El lector apreciará una relación estrechísima entre la belleza de lo descrito –cuando es tal– y, siempre, la belleza de la descripción. Estamos ante un caso flagrante, como lectores, de experiencia del placer del texto, del lenguaje. Acudimos al libro, sin duda, en busca de Roma y encontramos también una escritura tensa, fuerte, potente, culterana y cultista.

Asoma, sí, una tensión interior de la escritora, que combina una cierta objetividad descriptiva con los desbordes de su subjetividad emocional, que brotan tanto de lo que ve y siente como de lo que lleva en la mochila de su punto de vista y de su estar en el mundo. Junto al gozo de la experiencia satisfactoria, no pocas veces Lee deja que se derrame su insatisfacción, su acerado espíritu crítico, su intransigencia, su intemperancia. Sobre todo con la gente, con lo feo, con la gente que encuentra fea. Ama a Roma y la odia, la cubre de halagos y de reproches.

Las flores, las plantas, en definitiva el paisaje, con descripciones de un sensual policromatismo, plástico y contagioso, parecen satisfacerle más que, digamos, las piedras, a las que, con frecuencia, carga de reparos, sea por lo que son, lo que han llegado a ser o lo que para ella significan.
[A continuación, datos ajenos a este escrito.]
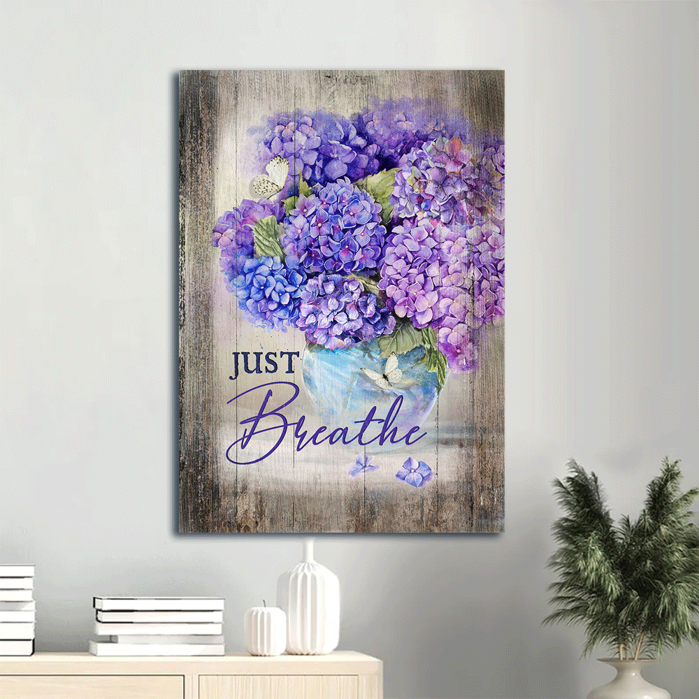 Jesus Portrait Canvas- Beautiful hydrangea drawing, Purple flower canvas- Gift for Christian- Just breathe is an attractive artwork that may be placed in any part of your home, including the living room, bedroom, kitchen, and even the outdoor space.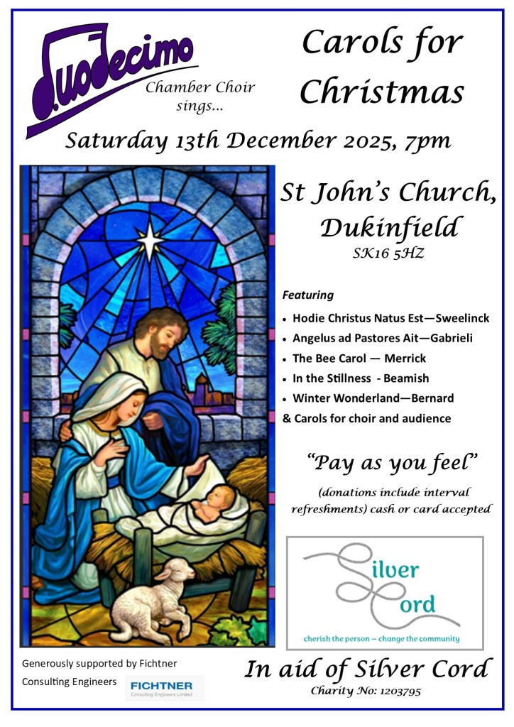 A concert of beautiful Christmas music and well-loved seasonal song from Duodecimo chamber choir. In aid of Tameside East Foodbank.

Menciona, por ejemplo, en numerosas ocasiones, a los asfódelos y, al fin, les dedica un fragmento: “Ayer por la mañana, al ir en bicicleta hacia el interior, había suficientes de ellos a lo largo de un camino en ascenso por el que se alternaban pastos verdes y el mar; bosques tupidos de mirto y lentisco cubiertos de encinas y alcornoques; plantaciones compactas, pequeños campos de labor, como los de narcisos cultivados. Masas unidas por suaves colores salmón y gris y hojas de color verde grisáceo; cada flor distinta sobre el campo o el cielo, en salientes de roca y en bancales escalonados. Las flores rara vez son perfectas cuando las recoges; algunas de las corolas estrelladas se marchitan y en cambio dejan una franja desordenada; pero a esta distancia, su decaimiento les da una distinción singular, pues hace que la luz caiga sobre las puntas, los capullos plateados, hundiendo las ramas que se estiran y contrastando el color rosa con el gris. La belleza está en el empuje de las ramas como velas. La flor tiene un ligero olor a cebolla, pero fresca como un seto de boj”.

Aquí Vernon Lee está describiendo un paisaje de Anzio, a 53 kilómetros al sur de Roma. No hay en estas líneas rastro de las decenas de edificios y construcciones más o menos célebres que, a modo de una gigantesca vidriera, aparecen en el libro. Tampoco de las intuiciones sobre el tiempo, el espacio, la muerte, la decadencia, el arte o el devenir histórico que Lee expresa en tantos momentos. Ni se advierte la huella de sus incomodidades, de su acidez, de sus contradicciones, de su espíritu afilado y, cuando menos lo esperas, hosco y desapacible. Pero he elegido este largo párrafo como ilustración de los más arriba mencionados conceptos de pintar cuadros con palabras, tras tomar detalles “au plein air”, para elaborar después, con todos los colores, esos textos compactos que apelan a los sentidos y proporcionan el placer de leer. De mirar con los ojos de la escritora.